Simplicity was a major consideration in Ethernet design. Computers on an Ethernet LAN are connected to each other directly by a passive communication medium, the Ether. There are no intermediate stages that handle message routing; the sender puts its packet directly on the Ether, thus broadcasting it to all potential receivers that are hooked up to the LAN. Flow control is distributed uniformly across the network. Each node determines when it is safe to send its packet, i.e. when no other node is currently transmitting. The receiver snoops the Ether for packets addressed to it, and acknowledges receipt when transmission is successful.
The high reliability of this design is due to the fact that there is no single point of failure. All communications occur directly through a passive medium, which means that there are no complex routers that can fail and impair, or even halt, packet transmission. The only complex pieces of hardware on an Ethernet LAN are the nodes themselves; in theory a failure of any number of them should not affect other nodes in any way, since every node is responsible for handling all of its own interactions with the rest of the network. The absence of expensive switching hardware ensures that the cost of the network itself is negligible compared to the cost of the nodes. Finally, local flexibility of an Ethernet is due to the fact that nodes can be reconfigured (and their number varied) simply by plugging them into the Ether at any convenient point.
Ethernet possesses serious disadvantages as well. The statement made earlier about the absence of single point failure is not completely true. If a malfunctioning node fails to disconnect itself from the Ether, the whole network goes down. However careful the designers of the hardware interface are, there is no 100% guarantee against such occurrences. But the principal problem with the Ethernet has to do with performance and scalability, not reliability. A single shared medium of transmission limits the total bandwidth of an Ethernet by serializing all communications. As a result, the throughput can be increased only by substituting a higher-throughput Ether. Scalability is also a major problem: if too many nodes are hooked up to a single Ether, they will increasingly interfere with each other. More conflicts mean wasted retransmission tries, and performance degrades substantially.
In order to create a network with substantially better performance and scalability, Autonet designers had to change both the routing strategy and the underlying hardware. Message routing is handled by active packet switches, connected by point-to-point links. Every switch must have buffers to store the queue of incoming messages. Special software is used to select the best route for each packet from the available alternatives.

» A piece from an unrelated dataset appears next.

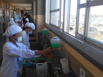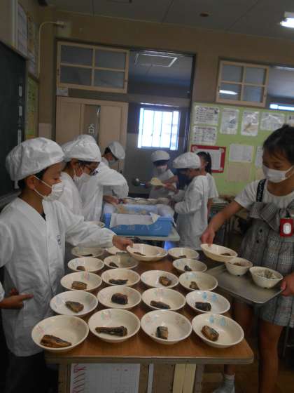 写真は、3年生の給食準備の様子です。4時間目が終わると、すぐにエプロンを身に付けて手洗いをしっかりとして準備に取りかかっていました。給食を教室に運び、食缶のふたを開けると煮物のいい匂いがしてきました。思わず、「今日の給食、何だっけ?」と、声が出てしまうでした。今日は、秋の味覚がたくさん!おいしい給食、「いただきます!」

This approach delivers exactly those advantages which Autonet was designed to provide. Point to point routing and multiple pathways from node to node enable messages to go through the network concurrently. Overall bandwidth can be increased to many times that of a single link by adding new packet switches, or new links to existing switches. Thus, the throughput of the network is not limited by the capacity of a single link, as is the case with Ethernet. Packet switches can use pushback to regulate the flow of data, reducing the number of discarded packets to near zero under normal circumstances. That results in fewer retransmissions, further increasing useful throughput. Autonet also scales better than Ethernet, since shared hardware (packet switches) can be scaled at will.
The increase in performance is achieved at the cost of simplicity and reliability, i.e. exactly the areas where Ethernet excels. Packet switches are much more prone to failure than a simple wire; even with multiple pathways, problems with only a few of the switches can significantly slow down the network traffic, or even disconnect parts of the network from each other. Dealing with this problem requires redundant hardware and special control software, which is capable of reconfiguring the network on the fly. Software complexity is further increased by the need for avoiding potential deadlocks, and periodically probing adjacent links for health. Both the hardware and the software cost money to develop (or buy) and maintain. Therefore, Autonet is preferable to Ethernet only in high-end networks, where good performance is essential.